Au calme ici-bas débloqué,
En récolte comme pêche miraculée,
Au monde et raffolé
De douce réparation,
Rafistolage tandis qu’au loin
Les ventilateurs guerroyés
Reprennent de l’aspect simple
Des pauvres moulins.
La grande tornade de la nuit
A balayé la suite des illusions
Et un sens fort reparaissant
Du réel couvre, de la rencontre,
Le sens obstinément,
D’un Je qui est tout autre,
A mille miles des majuscules
A formes barrées d’enluminures
Sans développement.
Toute vie là qui croît sans potentiel
devrait bien croiser son potentiellement?
– C’est fait,
En attendant la suite coule
Ou non, débarrassée de son -miteusement,
En forme normale,
A la tonalité 440 :
Je est un la.
Et répondre déjà
– Ou enfin!,
C’est quelque chose,
Sur les épaules
A rebours, appuyé ferme
En reprenant le tour,
Sinuant les chemins
Qui mènent à maintenant,
Par déligature en remontant,
Les mille sentes du jardin
Vers le massif des possiblia :
De nouveau l’avenir
Sur la brèche des bifurcations
Aux croisées inanticipables.
Travail!

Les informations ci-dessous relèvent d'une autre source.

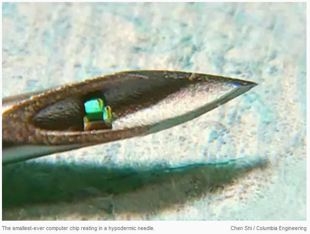 This article discussing experiments on mice discuss microchips that can be injected via hypodermic needles.
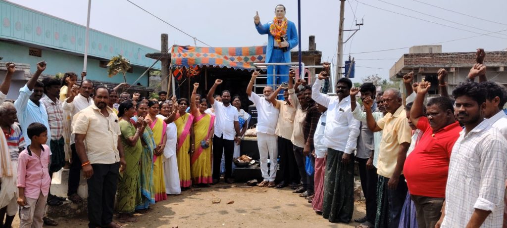పయనించే సూర్యుడు న్యూస్ :ఏప్రిల్ 15 ,తల్లాడ రిపోర్టర్ తల్లాడ మండలం అన్నారుగూడెం గ్రామంలో ఆ గ్రామ సర్పంచ్ గొడ్ల ప్రభాకర్, మరియు జై భీమ్ వారియర్స్ టీం సభ్యుల అధ్యక్షతన మహనీయుడు,విశ్వజ్ఞాని డాక్టర్ బి.ఆర్ అంబేద్కర్ 135 వ జయంతి వేడుకలు మంగళవారం పంచాయతీ కార్యాలయం మరియు అంబేద్కర్ భవన్ నందు ఘనంగా జరిగాయి. ఈ జయంతి వేడుకల్లో స్థానిక ప్రజా ప్రతినిధులు,అన్ని వర్గాల ప్రజలు, రైతులు, యువతి యువకులు,జై భీమ్ వారియర్స్ టీం సభ్యులు పాల్గొన్నారు. కార్యక్రమంలో వక్తలు మాట్లాడుతూ అంబేద్కర్ నిన్న జాతి వర్గాలకే మహనీయుడు కాదని ఆయన అందరివాడని తల్లాడ మాజీ ఎంపీపీ దొడ్డ శ్రీనివాసరావు పేర్కొన్నారు,ఆ గ్రామ సర్పంచ్ గొడ్ల ప్రభాకర్ మాట్లాడుతూ అంబేద్కర్ అన్ని వర్గాల ప్రజలకు ఆరాధ్యుడని ఈరోజు ఆయన రచించిన రాజ్యాంగం మూలంగానే ఈరోజు నాలాంటి సామాన్యునికి కూడా ఈ రకమైన గౌరవం దక్కుతుందని ఆయన సర్వజనులకు మహనీయుడని ఈ సందర్భంగా ఆయన అన్నారు. ఉప సర్పంచ్ కొమ్మినేని వెంకటేశ్వర్లు మాట్లాడుతూ అంబేద్కర్ స్త్రీలకు కూడా సమాన వాటా దక్కాలని ఆనాడే అనేక ఉద్యమాలు చేశారని ఆయన చేసిన ఉద్యమ ఫలితాలే ఈరోజు మహిళలు అనుభవిస్తున్న ఈ 33% అవకాశాలని ఈ సందర్భంగా ఆయన అన్నారు. ఈ కార్యక్రమంలో తల్లాడ మాజీ ఎంపీపీ దొడ్డ శ్రీనివాసరావు, గ్రామ సర్పంచ్ గొడ్ల ప్రభాకర్, ఉపసర్పంచ్ కొమ్మినేని వెంకటేశ్వర్లు, పంచాయతీ వార్డు మెంబర్స్, పంచాయతీ సెక్రెటరీ వెంకటేశ్వర్లు, గుమస్తా రమేష్, స్థానిక సీనియర్ నాయకులు బొమ్మగాని నాదం, దొడ్డ చిన్న శ్రీనివాసరావు,గోవిందు శ్రీనివాసరావు (ట్రాక్టర్) ఎస్సీ సెల్ నాయకులు ఇస్నపల్లి శ్రీనివాసరావు, యువ నాయకులు గోవిందు సురేష్, విద్యావంతుడు కోపెల రాము, గొడ్ల సురేష్,కందుల నారాయణ, ఇస్నపల్లి చిన్నకృష్ణ, దారా కృష్ణ,గొడ్ల మోసే, గొడ్ల జాన్ వెస్లీ, ప్రసన్నకుమార్, సీతారాములు, వెంకటరత్నం, అంగన్వాడి టీచర్లు, ఆశా కార్యకర్తలు, మల్టీపర్పస్ వర్కర్లు, పంచాయతీ సహా సిబ్బంది తదితరులు పాల్గొన్నారు.

S’il était doux,
A la trace des indices,
Et quelle facilité!
Le vivant du vivant eut son heure
De pierre, détendue densité
En attente de dérangement,
Retournée pour l’éponge,
Et confite derechef en couffin,
Toussant proteste d’énergie
Morte à se conformer aux nuages,
L’humeur météorologue,
Etouffée des éclats clairs,
Et des sauts dans les flaques
Où se refléta souriante longtemps,
Pourtant la Lune orbitée
Des sortilèges exutoires.
Toute une force nouvelle
Et l’amour à réinventer,
De l’insolence à naître,
Déjoué des séductions indues
Motrices d’atrépidance et
De tonitruance renouvelée.
Autrement trépidante
Et spontanément vraie,
Douce heure reposant
La secouade permanentée
Jusqu’à la limonade!
Fin de tourmente,
Accalmie durable, certaine,
D’où lancer à frais neufs
Des bras épatants vers les cieux
Sans enveloppe, dangereux
Comme des braises,
Et haletants de vibrer
Sous la caresse, marteau dépris
Et l’entrelas infini des combinaisons
Troubles, à définir en géomètre
De l’hypothénuse abymée
Que recèlent rencontres à foison.
Une stridence de l’émoi ressouvient,
A mesure de perspectives ouvrantes,
La nuit des détresses accourues,
Des cataclysmes bourrus contre quels
Une vie contraire de soi s’alambiqua,
Et la richesse bénéficiaire enfin,
De tant d’abstraction, tend sa toile
Surnuméraire à l’affolement
De ces premiers pas éreintés
Dans des bras épris d’autre chose,
Par contraction féministe et ôtée
Des fanfaronnades des frères
Frustes, au principe meurtrier de moi ou :
A peine de patienter en vain tout départ
A la ligne truquée des starting-blocks.
Au pan! de ce coup de pistolet,
Littéralement le destin de pierre,
Fut mien et des élations échappatoires,
L’impossible de la réaction,
L’étouffée-belle ainsi, n’eurent été
Les appels d’une voix seconde,
Humaniste mais à la séduction de redite,
Hélas, d’une tragédie similaire,
Et rejouée dans sa loi de désir contre,
D’abandon à lui en quête perpétuelle,
A moi ces départs philosophes
Et sages, sauvés du chaos
Par raisonnement, sommation d’être
Une mère pour un père –
Je dis bien,
Mère de seconde-main,
Et à l’issue présente outil
System-block au départ failli,
Autant dire complexion à bien finir
Ce qui avait mal commencé :
Une vie, depuis le lieu rejoué
Pour l’attardement,
D’infinitude meilleure.
Ou, selon le motto “Un enfant est battu”,
Contribution qui crève les yeux
A l’étiologie de tant de renversement…
A venir l’infusion progressive
De l’infusibilité de cet infaisable
Parcours de stop-motion enrayé,
Et un accès sans doute peu commun
A la clichèterie surannée
A redire,
en petites et grandes formes,,
La reprise engageante des “Tenez!”
Re. Re-arbitrerie sûre, à l’accent près
De la replétion, sur un fil d’assurance
Vers l’évasement, comme un retour,
Mais soustrait du rétrograde en soi,
Et du yoyo désormais,
Au fil tenace du diabolo
Des deux cônes retrouvés indemnes :
L’à-volonté de l’ancien à-vau-l’eau,
Puis le futur des cônes de lumière descendants.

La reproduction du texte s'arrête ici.